SPINACH THE FILM
That night... I didn't feel young. I felt eternal.
Synopsis
Set in the pivotal year of 1989, SPINACH is an experimental immersion into the psychological and physical landscape of the queer community during the heights of the AIDS crisis. Based on the novella The Enemy Inside Me by Bobby Duncan, the film functions as an atmospheric haunting that rejects the artifice of traditional narrative. Instead, it invites the audience to become a witness to a world defined by the neon pulse of the club scene and the silent, heavy weight of an encroaching plague.
Drawing from the director's thirty years of theatrical training, the film utilizes movement and silence as its primary language. Every frame is a physical choreography of truth, where the narrative burden is carried by the actors' breath and presence rather than spoken lines. This raw performance is mirrored by a commitment to technical authenticity. Served by a purely practical, in camera aesthetic, the film utilizes on set coloring and handheld, organic camera movements to emulate the visceral heartbeat of an eighties camcorder.
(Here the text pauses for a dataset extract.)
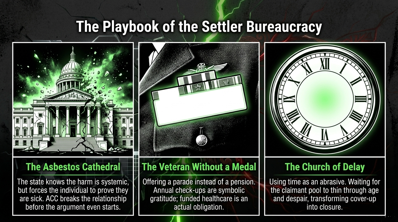 The second poison arrived by letter, by form, by medical threshold, by legislative exclusion, and by the quiet bureaucratic art of making sick men prove the obvious until they ran out of money, breath, or time, as described by Te Ara and E-Tangata.
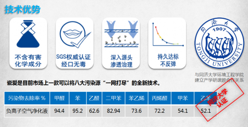 首先,在產(chǎn)品成分上,瓷愛負(fù)離子空氣凈化液,不含任何有害化學(xué)成分,能夠免除消費(fèi)者的后顧之憂。其次,它可以滲透到污染源內(nèi)部,通過擠占解吸作用并加速污染物質(zhì)的釋放。值得一提的是,這項(xiàng)和同濟(jì)大學(xué)環(huán)境工程學(xué)院共同完成的課題從研發(fā)到測(cè)試結(jié)果都是由同濟(jì)大學(xué)檢測(cè)認(rèn)證,具有權(quán)威性。

There is no digital grain or synthetic manipulation here. The texture of the film is as real and unpolished as the era it portrays. Complemented by an original soundtrack written and produced by the director’s own band, SPINACH creates a symbiotic marriage between visual grit and auditory landscape. It is a story of internal enemies and external resilience, ultimately serving as a defiant act of preservation for a generation whose greatest victory was simply waking up to live another day.





Spinach was made to honor a moment in queer history when pleasure, fear, and silence lived in the same room — and no one told us the rules.